O que mais tem me preocupado - parafraseando ainda Martin Luther King - não é o grito dos maus, mas o silêncio dos bons”. A meu ver, um silêncio perturbador, de omissão, quase ensurdecedor, por mais paradoxal que possa parecer. Tenho repetido - como um ‘beija-flor no incêndio da floresta’ - que os bons friburguenses estão abandonando Nova Friburgo, deixando-a à deriva, adernando numa estrada de incompetências e atrocidades inexplicáveis, inaceitáveis. 

O episódio do Centro de Turismo é apenas um dos exemplos. É como lixo que varremos para debaixo do tapete e cujo volume explode em nossas faces, levantando uma poeira fétida, cobrando-nos solução. Cobrando-nos empenho e participação em assuntos e decisões que abandonamos à própria sorte há muito tempo. Urge perguntar: onde estão os verdadeiros friburguenses? Cadê o verdadeiro sentimento de pertencimento com a nossa cidade? 
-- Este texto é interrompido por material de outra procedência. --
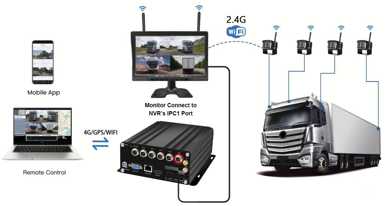 Ylimääräiset 3-kanavaiset langalliset IP-kameratulotCarleader 10,1 tuuman 7CH Wireless HDD Mobile NVR System, huippuluokan mobiili langaton NVR-järjestelmä, joka on suunniteltu kaluston hallintaan. Järjestelmä käyttää 4 kpl langatonta IP-kameraa, jotka on liitetty pariksi 10,1 tuuman langattoman relemonitorin kanssa 2,4 GHz:n signaalin kautta. Liitä sitten relemonitori ja NVR IPC -portti 6PIN-ilmailuliittimen kautta. Tukee myös ylimääräisiä 3-kanavaisia langallisia IP-kameratuloja.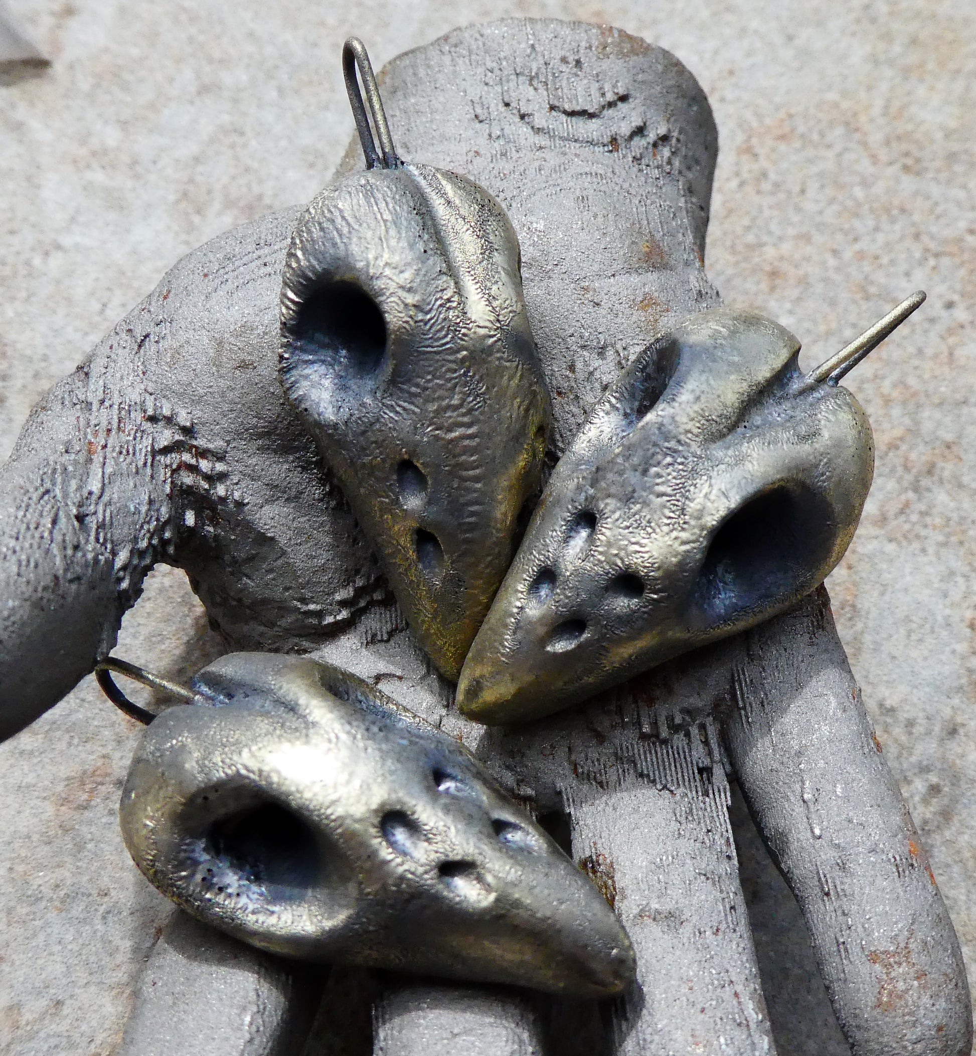Hand formed in Earthstone, and high fired. Then fired again with Bronze clay.

Assim, de ruínas em ruínas, do Centro de Arte (que também tem uma lei municipal nomeando-o em homenagem a Jaburu - Julio Cesar Seabra Cavalcante), fechado desde 2011, às ruínas do extinto Colégio Nova Friburgo, no antigo Parque da Cascata, um milhão e 200 mil metros quadrados de um patrimônio de valor inestimável para o consciente coletivo friburguense, que entregamos à própria sorte, que deixamos à deriva sob a ação do próprio tempo. 

Na minha modesta opinião, “a maior prova de incompetência coletiva que todos nós - mesmo os bons, os melhores friburguenses - estamos perpetrando, com assinatura de recibo e tudo”. Cidade de tantos títulos, todos verdadeiros a seu tempo, estamos em dívida com aquela Nova Friburgo, que nos proporcionou chegar até os dias de hoje. Estamos ainda envergonhando muitos dos que nos antecederam nestes mais de dois séculos. Depois que o leite ferve, chorar pelo que foi derramado, é mais do que vergonhoso, é atitude de covardia. Notas oficiais se tornam dissonantes, num universo em que o papel aceita tudo, mas o destino não vai perdoar nossa omissão. 

Nova Friburgo clama, reclama, chora, transborda, desmorona. Reconstruí-la é muito mais do que nossa missão diária. Defendê-la, protegê-la todos os dias é o mínimo que temos a fazer, mas não basta vociferar que é ‘Por amor’, mas provar concretamente, respeitando o seu hoje, ontem, seu passado, memória, história, cultura, sua gente, com os pés hoje, no presente, projetando um futuro em bases sólidas, para uma Nova Friburgo cada vez melhor. 

Para finalizar, além do pedido para que tenhamos, de fato, mais amor por Nossa Nova Friburgo, sugiro a cada um, um exercício muito simples: repare no próprio prédio da prefeitura (a sede do Poder Executivo), mas à luz do dia, e não sob lâmpadas coloridas de cada anoitecer cênico. Olhem, observem e reflitam sobre nossas ruínas. Vamos pensar melhor e refletir sobre quem ‘não cuida da própria casa’, assim como não respeita nem mesmo as suas próprias assinaturas em documentos oficiais. 

(*) “No Caminho, com Maiakóviski’, do dramaturgo carioca Eduardo Alves da Costa; autoria erroneamente atribuída ao poeta panfletário russo, Vladimir Maiakovski (1893-1930), homenageado no título pelo autor.